Opera by Ernest Reyer

Salammbô is an opera in five acts composed by Ernest Reyer to a French libretto by Camille du Locle. It is based on the novel of the same title by Gustave Flaubert (1862). Initially refused by Paris, Reyer's opera enjoyed its first performance at the Théâtre Royal de la Monnaie in Brussels, on 10 February 1890, with sets designed by Pierre Devis and Armand Lynen. The Parisian premiere at the Palais Garnier took place on 16 May 1892 with costumes by Eugène Lacoste and sets by Eugène Carpezat (Acts I and V), Auguste Alfred Rubé and Philippe Chaperon (Act II), and Amable and Eugène Gardy (Act IV).

The American premiere was at the French Opera House in New Orleans on 25 January 1900 with Lina Pacary in the title role. It was first performed in New York at the 'old' Metropolitan Opera House on 20 March 1901, with Lucienne Bréval in the title role, Albert Saléza, Eustase Thomas-Salignac, Marcel Journet, Charles Gillibert, Eugène Dufriche, and Antonio Scotti with Luigi Mancinelli conducting.
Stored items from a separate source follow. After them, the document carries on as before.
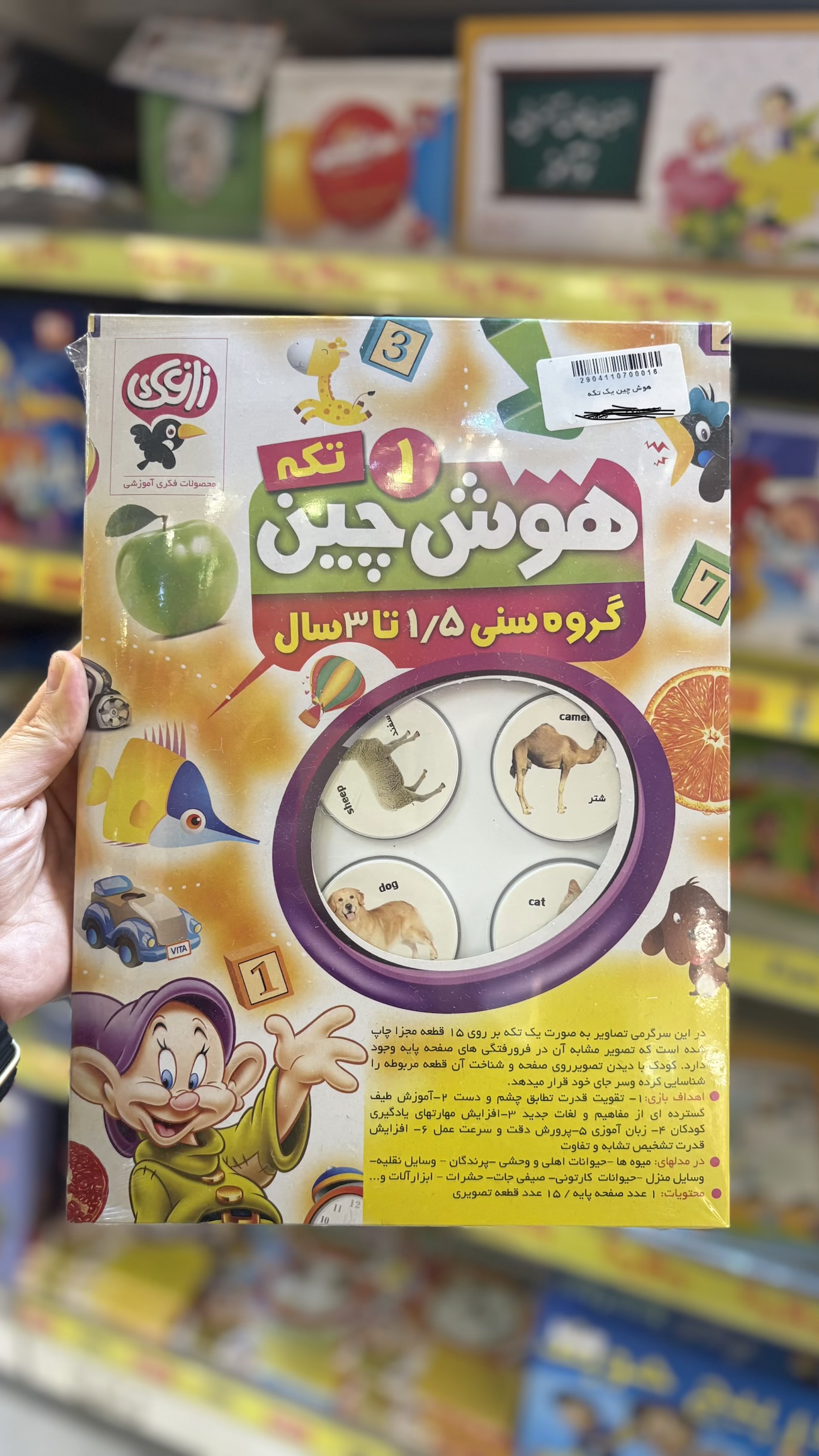 هوش چین یک تکه، یک پازل تصویری جذاب و آموزشی برای کودکان 1.5 تا 3 سال است که با هدف تقویت هوش و مهارتهای گوناگون طراحی شده است. این بازی فکری، شامل یک صفحه پایه و 15 قطعه مجزا با تصاویر رنگارنگ و جذاب است. هر قطعه تصویری، مشابه فرورفتگیهای روی صفحه پایه طراحی شده است.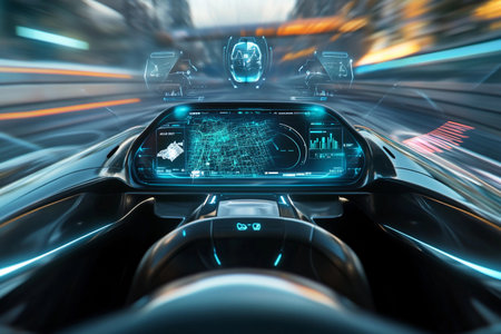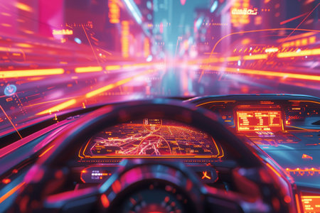 High-tech car dashboard with holographic interface and neon lights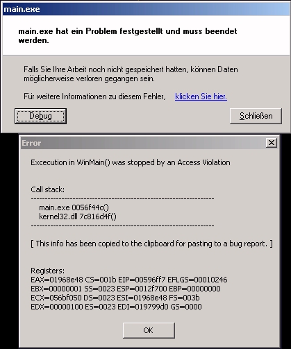Das Einzige was ich festgestellt habe, nach dem Beenden von Descent3 schmiert die Main.exe ab. (Oder sonstirgenwas anderes)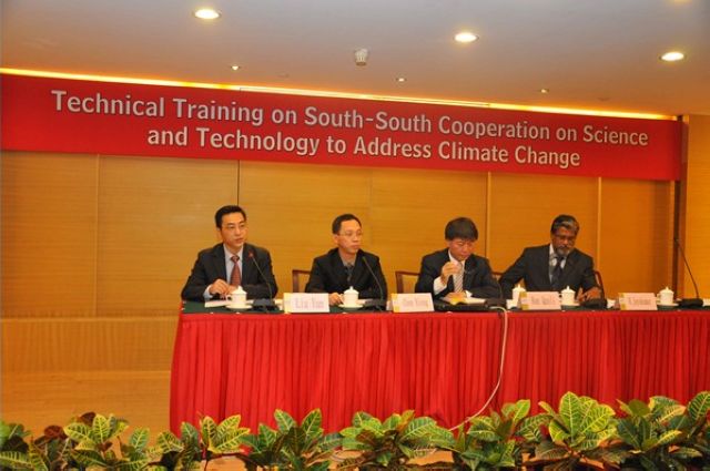 在科技部国际合作司、联合国教科文组织(UNESCO)北京办公室的支持下,我校主持的UNESCO“应对气候变化南南科技合作教席”与教席合作单位中国科技交流中心联合于2012年11月12日在广州市广东饭店举办了“南南科技合作应对气候变化国际技术培训班”。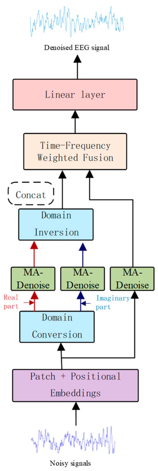 Although deep learning methods have made some progress in artifact removal research, there is still room for further exploration in utilising time-frequency feature information for artifact removal. For example, further processing can be applied to the real and imaginary components within the frequency domain, where different frequency components of the signal reveal distinct characteristics [33]. EEG signals typically exhibit strong fluctuations in the low-frequency range, while EOG and EMG artifacts often manifest as high-frequency noise. Fourier transform can convert data from the time domain to the frequency domain. By transforming the EEG signals into the frequency domain, multi-domain feature extraction can be performed to effectively remove artifact signals.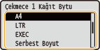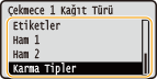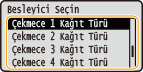 <Çekmece 1 Kağıt Türü> - <Çekmece 4 Kağıt Türü> öğelerinden birini seçin ve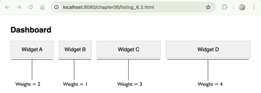 Use JS when CSS can’t: - Complex conditional logic or DOM reordering. - Runtime calculations beyond CSS math (e.g., sizing based on live data). - Responding to interactions/data streams (charts, canvases). Example: compute proportional widths from weights and set each widget’sflex-basis so space is allocated dynamically.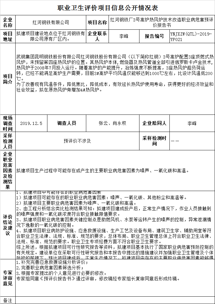 19-職業衛生(shēng)評價項目信息公開情況表YNJXZW(QTL)-2019-YP021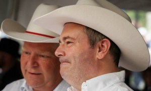 Ontario Premier Doug Ford (left) and Alberta Premier Jason Kenney, in 19th century cowboy costumes at the Calgary Stampede, with their tar pipe dreams and hopes of seeing their pal Andrew Scheer elected Canadian prime minister in October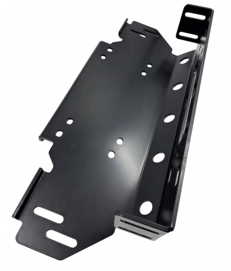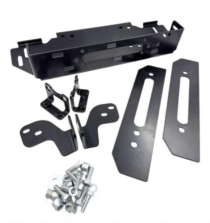 Площадка под лебедку в штатный бампер Jeep Wrangler JL / Джип Вранглер 2018 - 2023г.в "4х4 Вятка"С лебедкой, установленной на такой площадке, внешне внедорожник остается почти в штатном заводском исполнении, но неподготовленным к бездорожью его уже не назовешь. Отличительной особенностью площадки "4х4 Вятка" является её особо прочная усиленная конструкция. Площадка устанавливается на раму автомобиля. Чёрное порошковое покрытие защищает от коррозии в любых условиях эксплуатации и не боится самых агрессивных реагентов.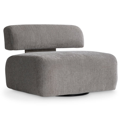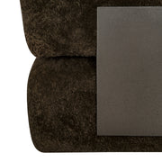 The curved back on the Paley swivel chair appears to magically hover over the deep seat and smooth swivel base. A glimpse of silver reveals the modern mystery as a textured metal panel connects the luxurious real shearling-upholstered forms along the back. The design is a work of art, both comfortable and stunningly beautiful.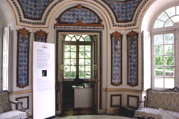 „.... In das Ober-Apartement, steigt man über eine Stiege, deren Staffeln von polirtem Nußbaumholz, die Lehne aber zum Anhalten sehr schön und von vergüldetem Eisen. Die Wände sind mit grossen Stücken von Chinesischem Porcellan bedeckt, welche allerhand Austheilungen machen, und durch ihre Zusammenfügungen auch grosse Landschafften präsentiren...“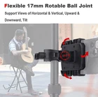Phone Holder for Microphone Stand/Selfie Stick/Tripods/Boat Railing, Adjustable Mic Stand Holder for iPhones All Smartphones, Fits for 11mm-17mm Tubes (Very Small Clamp) Product Details Brand: Rigdance Compatible Devices: Smartphones Compatible Phone Models: all phones Mounting Type: Tripod Special Feature: Hand Free Package Dimensions: 5.59 x 3.9 x 2.99 inches Item Weight: 4.6 ounces Item model number: 1091 Special features: Hand Free Manufacturer: Rigdance Date First Available: March 26, 2024 VersatileSpecially designed for Insta 360 selfie sticks. Converts your phone as a monitor for your insta 360 cameras, helps you produce high quality videos. The selfie stick phone holder compatible with any pole with a diameter of 0.43-0.67 inches. Also fits for music stand, drums stands, light stands, boom, speaker stand, light stand or tripod stand. Great phone holder for insta 360 action camera users, microphone stand for singers, drummers and guitar players Easy to Get the Phone On and OffOne hand and one second set the phone on/off by the magnets. Unlike the traditional phone clip which needs doubble hands to pull it hard to do so FlexibleThe back of the phone holder is a 17mm rotable ball, which is flexible to any viewing angle, such as horizontal, vertical, upward and downward or tilt Portable and ConvenientLightweight and easy to carry; Free your hands while singing/recording/film content Secure and StableO-Style Buckle double Lock to mic stand, providing strong and tight clamp force, will not slip on the rod Rigdance Phone Holder for Insta360 Invisible Selfie Sticks, Microphone Stand/Tripods/Boat Railing, Fits for 11mm-17mm Tubes (Small Clamp) This Phone Holder Mic Stand Clamp Mount is made of strong ABS and metal, lightweight but durable, providing strong clamp force and making your phone sturdier and safer, not slip down when you touch or use the Phone Holder Mount for Mic Stand/Selfie Sticks. Specially designed for Insta 360 selfie sticks. Converts your phone as a monitor for your insta 360 cameras, helps you produce high quality videos. Features: 1. Versatile-fit for Insta360 invisible selfie sticks, microphone stand, music stand, drums stands, light stands, etc. 2. ABS, Metal, Aluminum Alloy material,durable and not easy damage 3. 360 degree different angles adjustable 4. Easy to Get the Phone On and Off and no any tools required 5. Secure and Stable, O-Style Buckle double Lock to mic stand Package Includes: 1 x phone holder 1 x rod clamp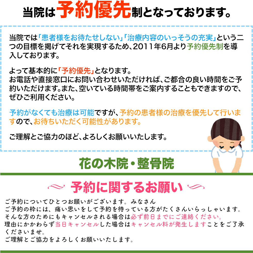少しでも痛みからいち早く解決するためにも全力で花の木整体院・整骨院はサポートをさせて頂きます。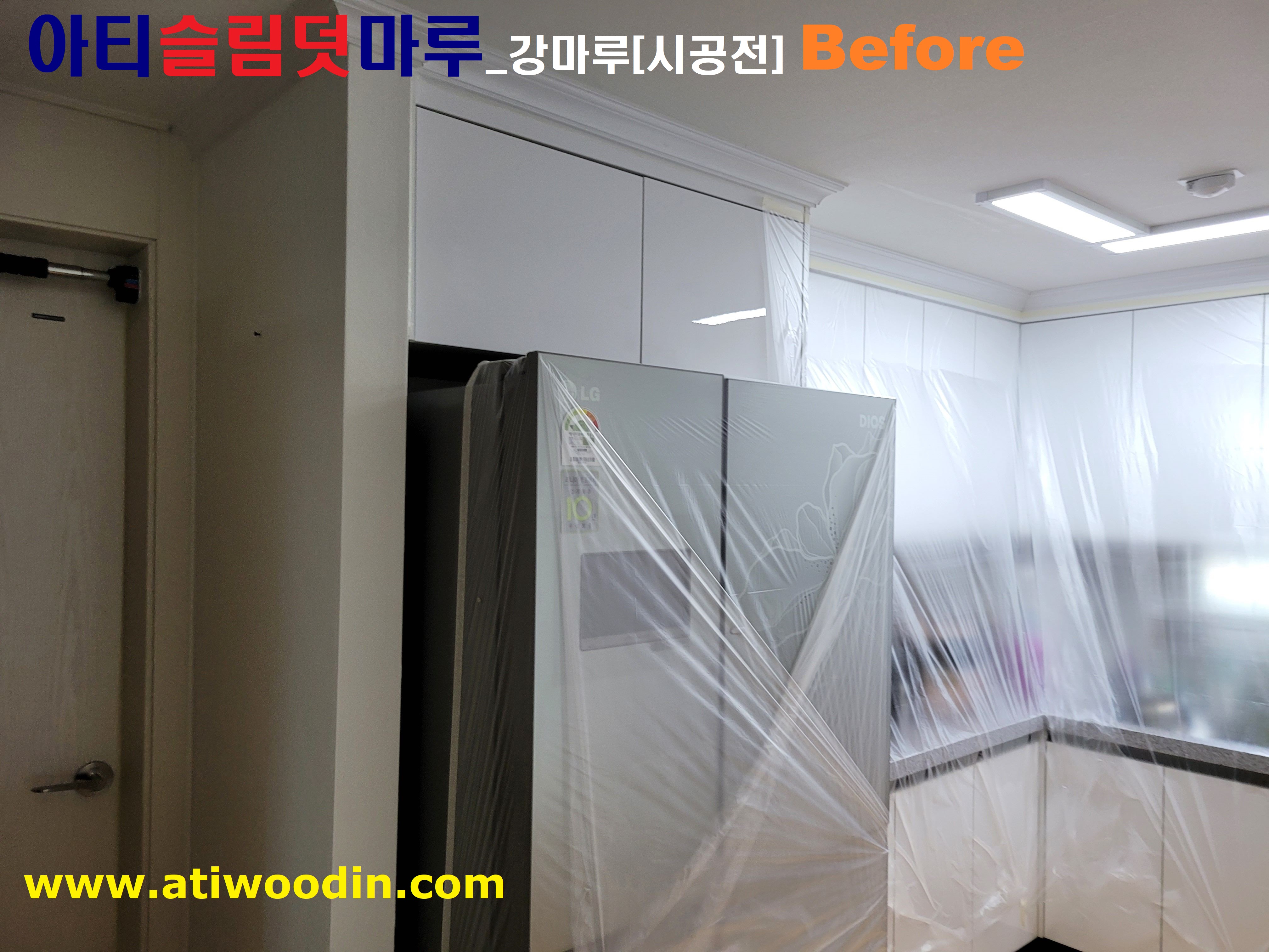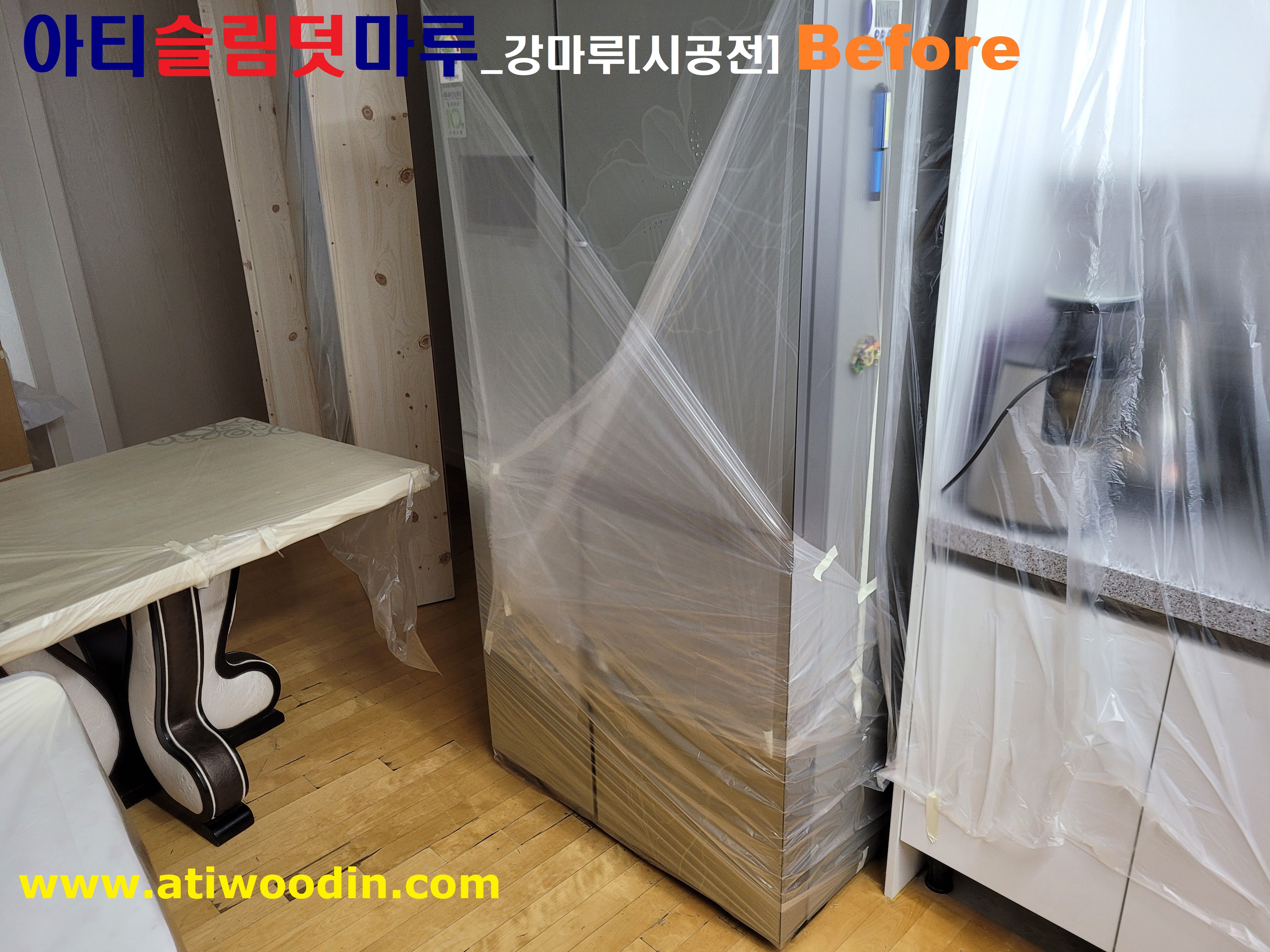 2. 짐운반적용덧마루시공전 준비작업- 거실 및 주방에 대한 냉장고등 큰 짐에 대한 비닐커버링작업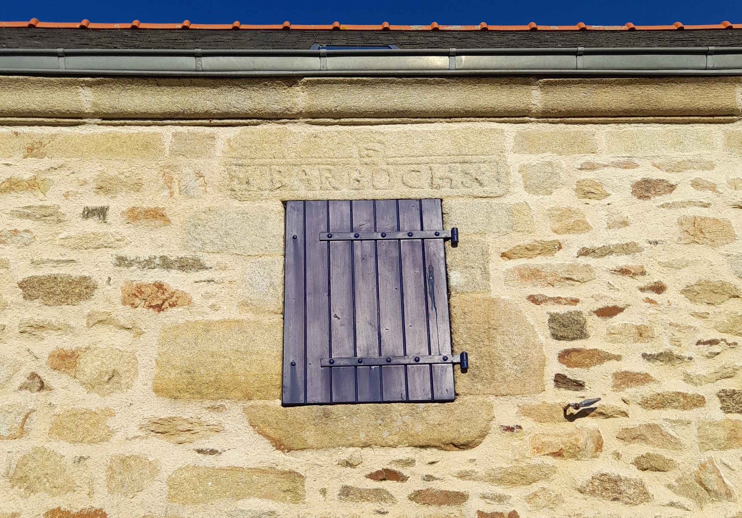 Secteur nord, maison 3. Détail de la fenêtre centrale de l'étage et inscription : F / M : BARBOCH.Immatriculation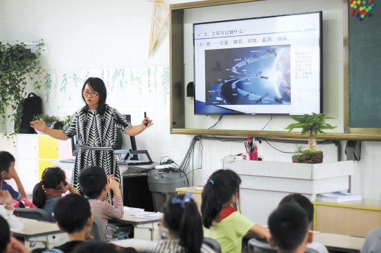 “什么是卫星?”“卫星能干什么事?”“卫星是怎么发射的?”……于灵慧将卫星的奥秘娓娓道来,同学们伸长了脖子,竖起了耳朵,甚至有小粉丝在拍照记录。角落里,批改作业的数学老师也停了笔,开始认真听课。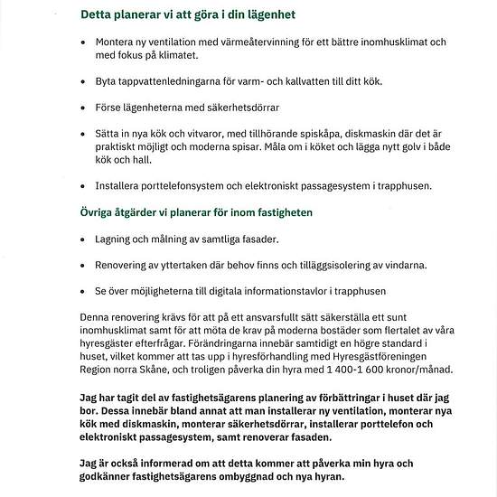 Bostad VIKTIG INFORMATON: Gällande renovering som ska ske samt hyreshöjning i vår fastighet, finns att läsa i annonsen. Våra nya hyresgäster kommer att få godkänna detta i en bilaga till hyresavtalet som undertecknas. Angivna hyran är den som gäller nu, före stora renoveringen med att byta kök mm. Obs! Ingen fysisk visning. Välplanerad 2:a med inglasad balkong i vårt charmiga 50-tals hus! Före tillträdet: Samtliga väggar/tak/snickerier/garderobsdörrar kommer att målas. Vitt. Ekparkett ska läggas i vardagsrum. Köksluckor målas vita. ...

Portions of the opera were performed in 1906 in the ancient Roman Carthage amphitheatre during an event sponsored by the Carthage Institute, making it among the first pieces formally staged there since the structure was destroyed by the Vandals in AD 439.

This rarely nowadays performed opera received the last performance at the Paris Opera in 1943, and the most recent one in Marseilles on 27 September 2008, in commemoration of the 100th anniversary of Reyer's death.

==Roles==

| Role | Voice type | Premiere Cast, (Conductor: Edouard Bärwolf) |
|---|---|---|
| Hamilcar, Carthaginian leader | baritone | Maurice Renaud |
| Salammbô, a priestess, Hamilcar's daughter | soprano | Rose Caron |
| Taanach, Salammbo's servant | mezzo-soprano | Anna Wolff |
| Shahabarim, high priest of Tanit | tenor | Edmond Vergnet |
| Narr'Havas, King of Numidia | bass | Sentein |
| Giscon, Carthaginian general | bass | Edmond Peeters |
| Mathô, chief Libyan mercenary | tenor | Henri Sellier |
| Spendius, Greek slave | baritone | Max Bouvet |
| Autharite, Gaulish mercenary | bass | Challet |

==Setting==
- Place: Carthage
- Time: 240 BC

==Other opera adaptations==
In 1863, Modest Mussorgsky also started writing text and music for an opera based on Flaubert's novel, but he never managed to complete the work. Other versions were written by V. Fornari (1881), Niccolò Massa (1886), Eugeniusz Morawski-Dąbrowa, Josef Matthias Hauer (1930), Alfredo Cuscinà (1931), Veselin Stoyanov (1940) and Franco Casavola (1948). Contemporary French composer Philippe Fénélon's Salammbô was first performed at the Opéra Bastille in 1998.